Skip to content

1.1.0 -- Iterate!

Compare
Choose a tag to compare
@mih mih released this 21 Jan 07:51
· 358 commits to main since this release
1.1.0
2beedba

💫 Enhancements and new features

  • A new paradigm for subprocess execution is introduced. The main
    workhorse is datalad_next.runners.iter_subproc. This is a
    context manager that feeds input to subprocesses via iterables,
    and also exposes their output as an iterable. The implementation
    is based on https://github.com/uktrade/iterable-subprocess, and
    a copy of it is now included in the sources. It has been modified
    to work homogeneously on the Windows platform too.
    This new implementation is leaner and more performant. Benchmarks
    suggest that the execution of multi-step pipe connections of Git
    and git-annex commands is within 5% of the runtime of their direct
    shell-execution equivalent (outside Python).
    See #538 (by @mih),
    #547 (by @mih).

    With this change a number of additional features have been added,
    and internal improvements have been made. For example, any
    use of ThreadedRunner has been discontinued. See
    #539 (by @christian-monch),
    #545 (by @christian-monch),
    #550 (by @christian-monch),
    #573 (by @christian-monch)

    • A new itertools module was added.
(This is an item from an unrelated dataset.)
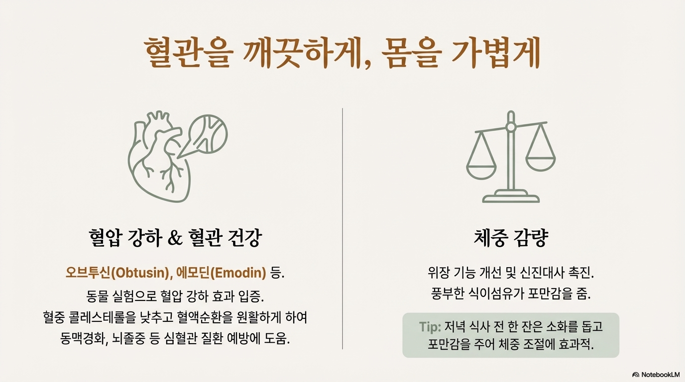 ✅과학적 관점: 눈 건강, 변비 개선, 간 보호, 혈압 강하 효과는 연구로 입증되었어요. 하지만 생으로 끓이면 설사, 강한 이뇨작용으로 탈수 위험, 저혈압 환자 금기라는 명확한 부작용이 있어요.

It provides implementations
      of iterators that can be used in conjunction with iter_subproc
      for standard tasks. This includes the itemization of output
      (e.g., line-by-line) across chunks of bytes read from a process
      (itemize), output decoding (decode_bytes), JSON-loading
      (json_load), and helpers to construct more complex data flows
      (route_out, route_in).

    • The more_itertools package has been added as a new dependency.
      It is used for datalad-next iterator implementations, but is also
      ideal for client code that employed this new functionality.

    • A new iter_annexworktree() provides the analog of iter_gitworktree()
      for git-annex repositories.

    • iter_gitworktree() has been reimplemented around iter_subproc. The
      performance is substantially improved.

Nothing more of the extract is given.